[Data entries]
_ _ _ _ _
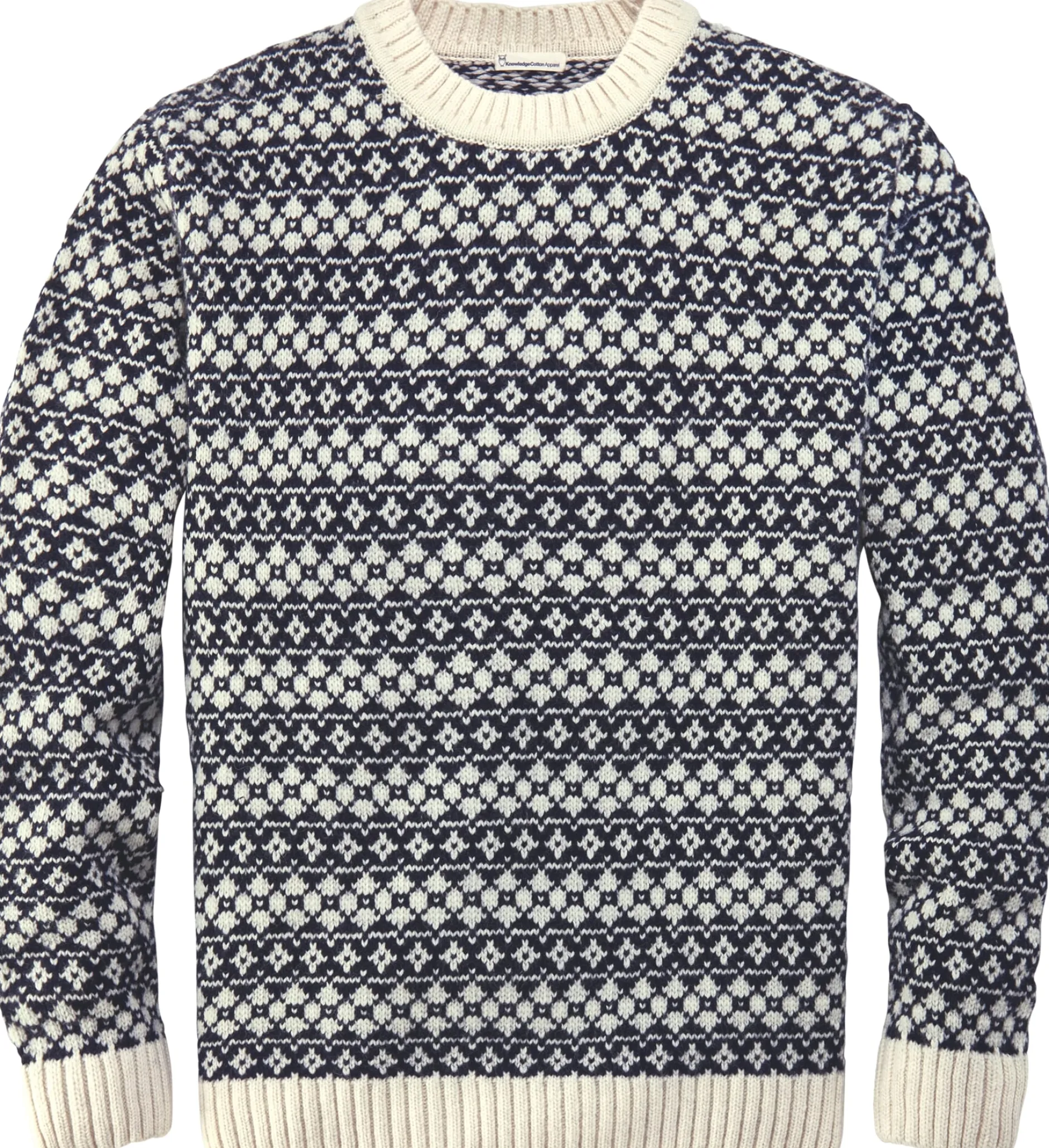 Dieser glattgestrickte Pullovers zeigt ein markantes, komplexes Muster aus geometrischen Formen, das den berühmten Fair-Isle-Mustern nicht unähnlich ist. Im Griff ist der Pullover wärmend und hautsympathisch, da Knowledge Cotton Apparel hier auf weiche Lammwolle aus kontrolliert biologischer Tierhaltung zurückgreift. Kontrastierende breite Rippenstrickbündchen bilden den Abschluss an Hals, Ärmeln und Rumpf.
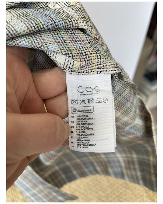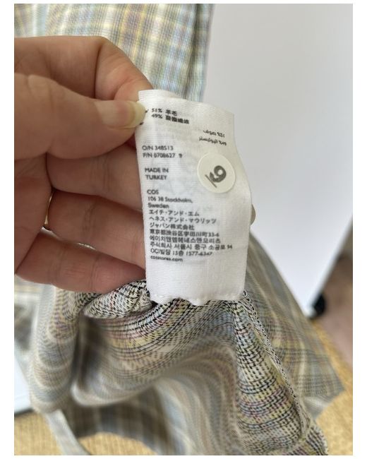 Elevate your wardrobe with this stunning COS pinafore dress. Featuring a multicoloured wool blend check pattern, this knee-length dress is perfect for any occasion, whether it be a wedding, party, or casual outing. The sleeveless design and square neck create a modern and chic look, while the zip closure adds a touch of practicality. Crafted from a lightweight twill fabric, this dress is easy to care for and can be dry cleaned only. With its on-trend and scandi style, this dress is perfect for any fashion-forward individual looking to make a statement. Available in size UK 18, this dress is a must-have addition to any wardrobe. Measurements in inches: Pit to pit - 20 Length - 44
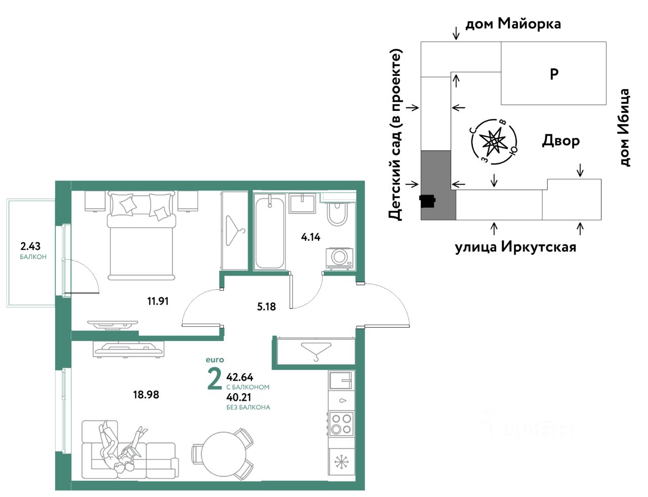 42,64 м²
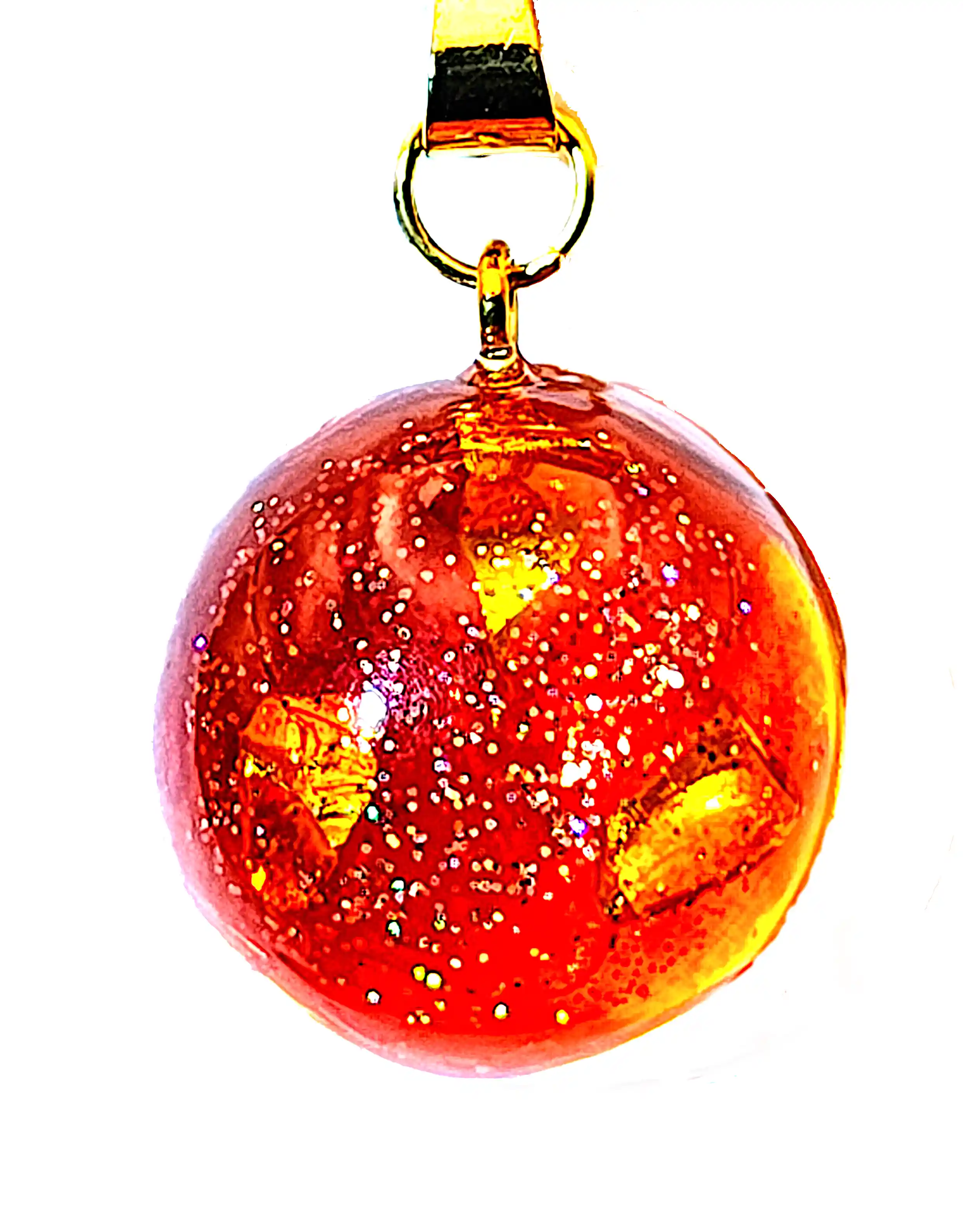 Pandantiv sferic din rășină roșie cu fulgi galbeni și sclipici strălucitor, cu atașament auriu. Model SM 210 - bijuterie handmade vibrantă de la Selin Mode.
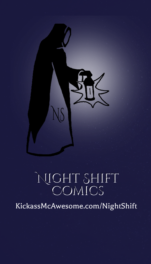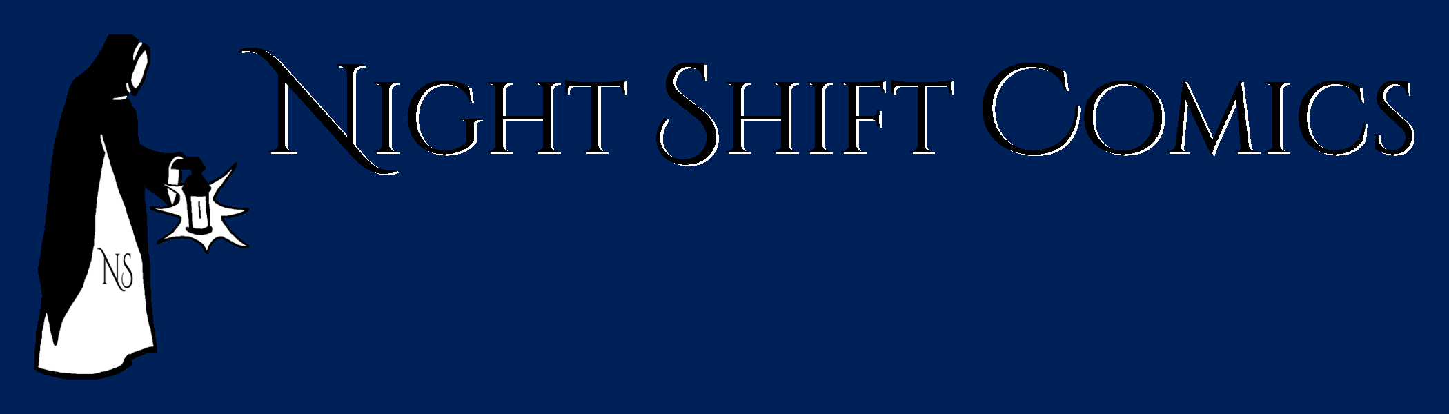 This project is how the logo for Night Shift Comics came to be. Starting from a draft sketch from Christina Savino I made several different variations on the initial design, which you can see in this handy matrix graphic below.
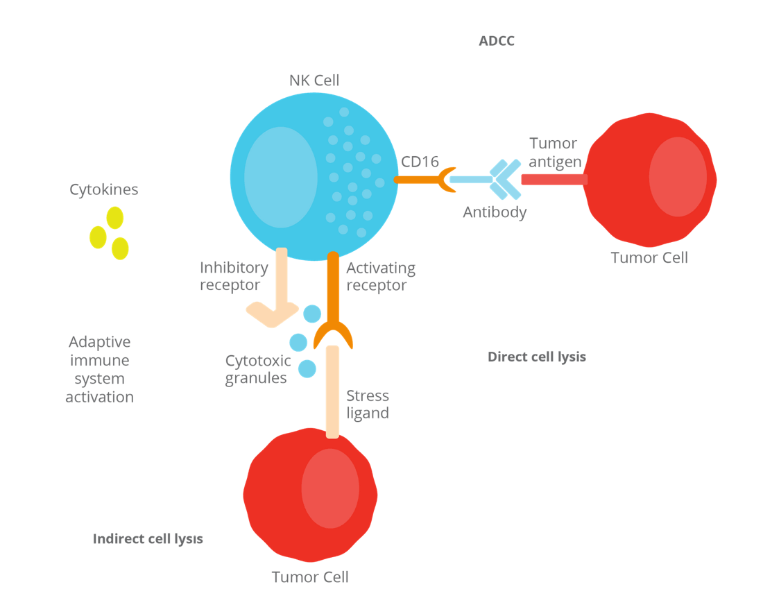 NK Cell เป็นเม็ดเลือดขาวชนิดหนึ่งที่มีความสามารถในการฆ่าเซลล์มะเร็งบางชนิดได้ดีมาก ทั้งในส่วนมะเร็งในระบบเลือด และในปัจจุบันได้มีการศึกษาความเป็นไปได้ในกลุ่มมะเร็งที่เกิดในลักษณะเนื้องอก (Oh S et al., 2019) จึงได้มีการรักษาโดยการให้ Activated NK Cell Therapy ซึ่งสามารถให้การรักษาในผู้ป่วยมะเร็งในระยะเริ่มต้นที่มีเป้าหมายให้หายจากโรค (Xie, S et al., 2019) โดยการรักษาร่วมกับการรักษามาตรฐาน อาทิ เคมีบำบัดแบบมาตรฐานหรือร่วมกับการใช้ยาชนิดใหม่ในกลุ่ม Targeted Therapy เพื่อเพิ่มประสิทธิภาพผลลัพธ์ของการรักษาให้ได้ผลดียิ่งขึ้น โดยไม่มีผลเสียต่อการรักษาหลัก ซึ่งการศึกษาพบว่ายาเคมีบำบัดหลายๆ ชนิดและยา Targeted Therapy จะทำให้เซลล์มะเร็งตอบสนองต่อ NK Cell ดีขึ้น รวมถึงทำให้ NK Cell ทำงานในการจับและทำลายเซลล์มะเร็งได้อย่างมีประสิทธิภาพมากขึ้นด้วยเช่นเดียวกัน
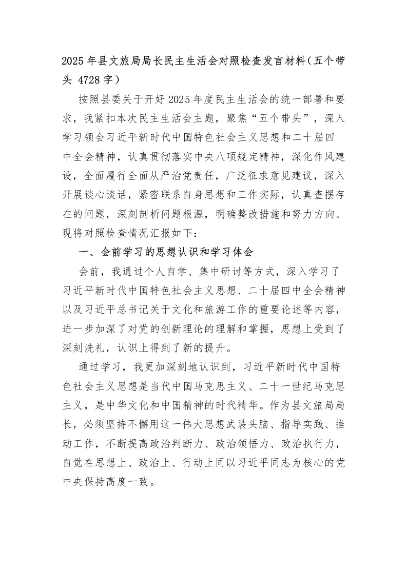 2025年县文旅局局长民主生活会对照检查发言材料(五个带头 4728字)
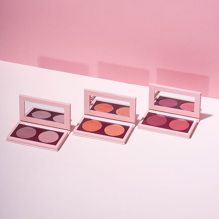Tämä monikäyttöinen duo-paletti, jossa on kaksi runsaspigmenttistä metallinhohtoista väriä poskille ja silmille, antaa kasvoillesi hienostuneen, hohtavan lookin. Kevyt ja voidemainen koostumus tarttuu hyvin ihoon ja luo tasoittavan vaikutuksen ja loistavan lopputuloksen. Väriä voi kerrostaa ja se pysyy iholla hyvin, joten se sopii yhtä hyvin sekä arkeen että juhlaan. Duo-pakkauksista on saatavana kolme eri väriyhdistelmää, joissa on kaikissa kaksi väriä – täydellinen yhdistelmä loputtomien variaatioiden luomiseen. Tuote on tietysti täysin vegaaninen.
_ _ _ _ _
### Activity
Every entry above should be returned exactly, with no images included.

### Task solution
 Dieser glattgestrickte Pullovers zeigt ein markantes, komplexes Muster aus geometrischen Formen, das den berühmten Fair-Isle-Mustern nicht unähnlich ist. Im Griff ist der Pullover wärmend und hautsympathisch, da Knowledge Cotton Apparel hier auf weiche Lammwolle aus kontrolliert biologischer Tierhaltung zurückgreift. Kontrastierende breite Rippenstrickbündchen bilden den Abschluss an Hals, Ärmeln und Rumpf.
 Elevate your wardrobe with this stunning COS pinafore dress. Featuring a multicoloured wool blend check pattern, this knee-length dress is perfect for any occasion, whether it be a wedding, party, or casual outing. The sleeveless design and square neck create a modern and chic look, while the zip closure adds a touch of practicality. Crafted from a lightweight twill fabric, this dress is easy to care for and can be dry cleaned only. With its on-trend and scandi style, this dress is perfect for any fashion-forward individual looking to make a statement. Available in size UK 18, this dress is a must-have addition to any wardrobe. Measurements in inches: Pit to pit - 20 Length - 44
 42,64 м²
 Pandantiv sferic din rășină roșie cu fulgi galbeni și sclipici strălucitor, cu atașament auriu. Model SM 210 - bijuterie handmade vibrantă de la Selin Mode.
 This project is how the logo for Night Shift Comics came to be. Starting from a draft sketch from Christina Savino I made several different variations on the initial design, which you can see in this handy matrix graphic below.
 NK Cell เป็นเม็ดเลือดขาวชนิดหนึ่งที่มีความสามารถในการฆ่าเซลล์มะเร็งบางชนิดได้ดีมาก ทั้งในส่วนมะเร็งในระบบเลือด และในปัจจุบันได้มีการศึกษาความเป็นไปได้ในกลุ่มมะเร็งที่เกิดในลักษณะเนื้องอก (Oh S et al., 2019) จึงได้มีการรักษาโดยการให้ Activated NK Cell Therapy ซึ่งสามารถให้การรักษาในผู้ป่วยมะเร็งในระยะเริ่มต้นที่มีเป้าหมายให้หายจากโรค (Xie, S et al., 2019) โดยการรักษาร่วมกับการรักษามาตรฐาน อาทิ เคมีบำบัดแบบมาตรฐานหรือร่วมกับการใช้ยาชนิดใหม่ในกลุ่ม Targeted Therapy เพื่อเพิ่มประสิทธิภาพผลลัพธ์ของการรักษาให้ได้ผลดียิ่งขึ้น โดยไม่มีผลเสียต่อการรักษาหลัก ซึ่งการศึกษาพบว่ายาเคมีบำบัดหลายๆ ชนิดและยา Targeted Therapy จะทำให้เซลล์มะเร็งตอบสนองต่อ NK Cell ดีขึ้น รวมถึงทำให้ NK Cell ทำงานในการจับและทำลายเซลล์มะเร็งได้อย่างมีประสิทธิภาพมากขึ้นด้วยเช่นเดียวกัน
 2025年县文旅局局长民主生活会对照检查发言材料(五个带头 4728字)
Tämä monikäyttöinen duo-paletti, jossa on kaksi runsaspigmenttistä metallinhohtoista väriä poskille ja silmille, antaa kasvoillesi hienostuneen, hohtavan lookin. Kevyt ja voidemainen koostumus tarttuu hyvin ihoon ja luo tasoittavan vaikutuksen ja loistavan lopputuloksen. Väriä voi kerrostaa ja se pysyy iholla hyvin, joten se sopii yhtä hyvin sekä arkeen että juhlaan. Duo-pakkauksista on saatavana kolme eri väriyhdistelmää, joissa on kaikissa kaksi väriä – täydellinen yhdistelmä loputtomien variaatioiden luomiseen. Tuote on tietysti täysin vegaaninen.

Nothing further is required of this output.